For $k, t$ with $k\geq 21$ and $t\geq \frac{k}{9}$ we have $p_{k,t} < \frac{7}{20}k2^{-5t} + \frac{1}{7}k^\frac{15}{4}2^{-\frac{k}{2}\,-2t} + 12k2^{-\frac{k}{4}\,-3t}$.

So, we need our number of tries to be at least 1/9th of the bitlength of the number we want to test. Even for shitty-security 1024-bit numbers, we would need 114 tries at least.
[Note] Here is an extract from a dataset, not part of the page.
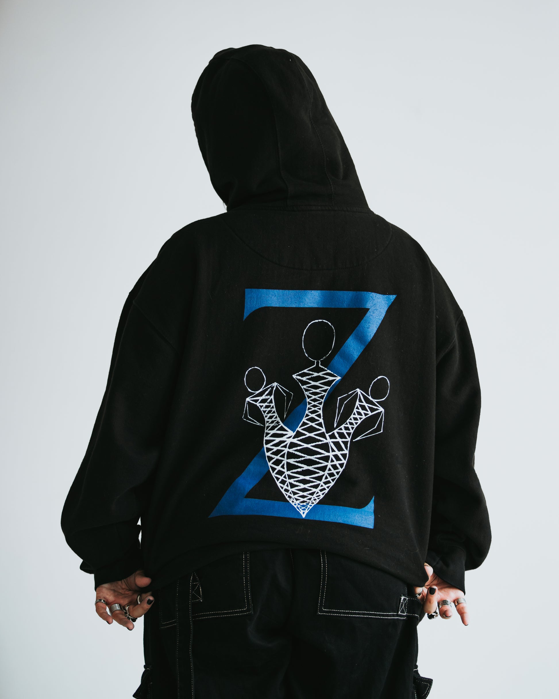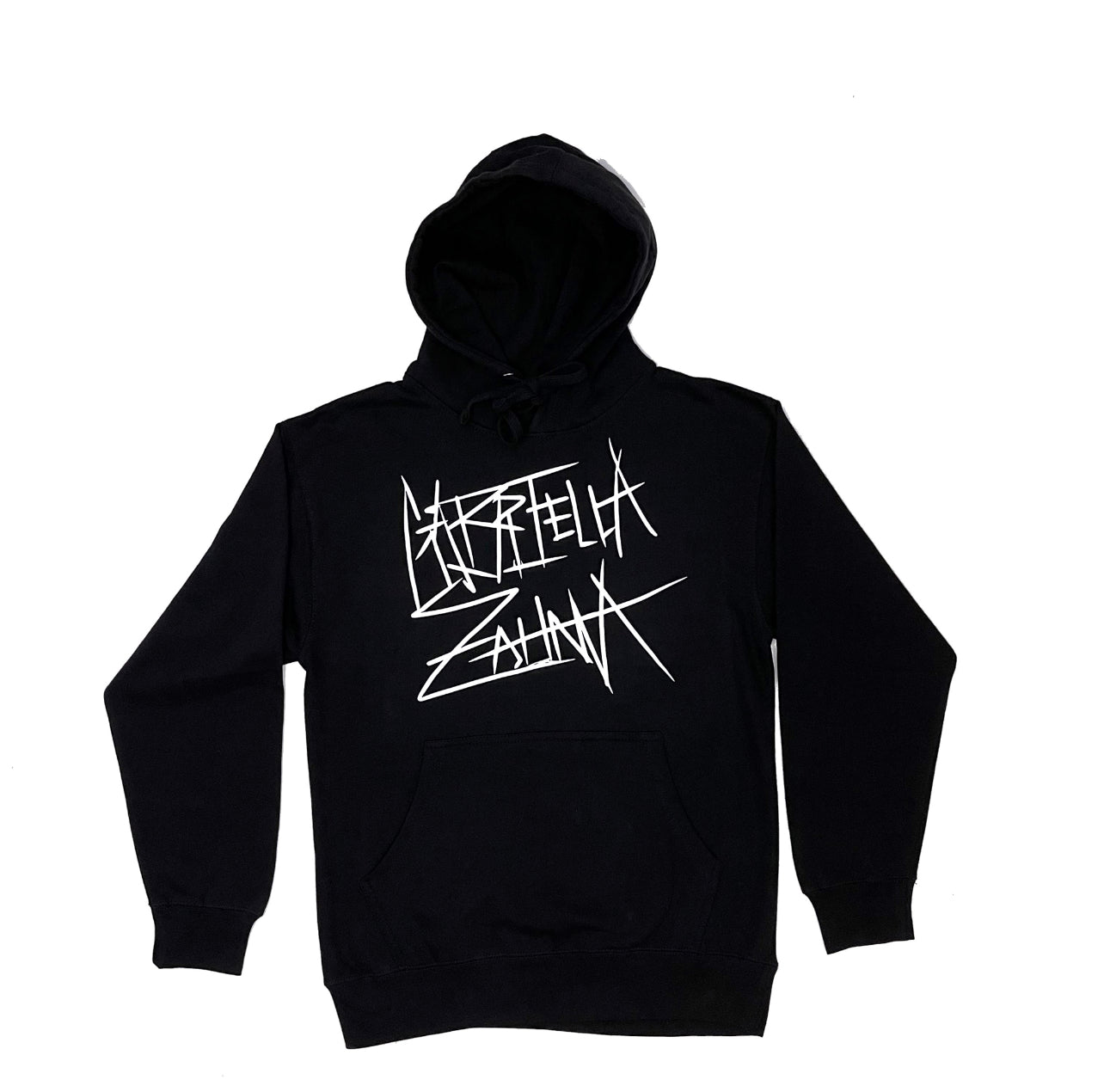 UNISEX BLACK HOODIE WITH WHITE “GABRIELLA ZAUNA” LOGO PRINT ON FRONT

## So what’s the difference between those 3 guarantees

Glad you’re asking! I wrote a simple Python 3 script that computes the bounds (please note that it’ll abort with value errors as most intermediate values are outside of the double-precision floating points that Python’s providing, so I also used SageMath to compute the other ones):

```
from gmpy2 import mpz, mpfr, log, sqrt, ceil
def ld(x):
return ceil(log(mpfr(x)) / log(2))
def tb(t):
'''the textbook bound'''
return pow(mpfr(2), -2*t)
def t3(k, t):
'''the theorem 3 bound'''
return pow(mpfr(k), 1.5) * (2 ** t) / sqrt(t) * pow(4, -sqrt(t*k))
def t6(k, t):
'''the 'mighty bound' '''
chunk_a = mpfr(7)/20 * k * (2 ** (-5 * t))
chunk_b = mpfr(1)/7 * pow(k, 15/4) * pow(2, -k/2 - 2*t)
chunk_c = mpfr(12) * k * pow(2, -k/4 - 3*t)
return chunk_a + chunk_b + chunk_c
for k in range(2048, 8192 + 1, 1024):
print(';'.join(str(x) for x in (k, -ld(tb(100)), -ld(t3(k, 100)), -ld(t6(k, ceil(k/9))))))
```

which after some processing yields the following table:

length (bit) | textbook (100 tests) | Theorem 3 (100 tests) | Theorem 6 (‘mighty bound’) |
---|---|---|---|

2048 | 200 | 791 | 1130 |

3072 | 200 | 994 | 1699 |

4096 | 200 | 1165 | 2269 |

5120 | 200 | 1315 | 2834 |

6144 | 200 | 1452 | 3403 |

7168 | 200 | 1577 | 3973 |

8192 | 200 | 1694 | 4543 |

Note that the values are $-log_2$, so a value of $x$ means $2^{-x}$ or $1:2^x$.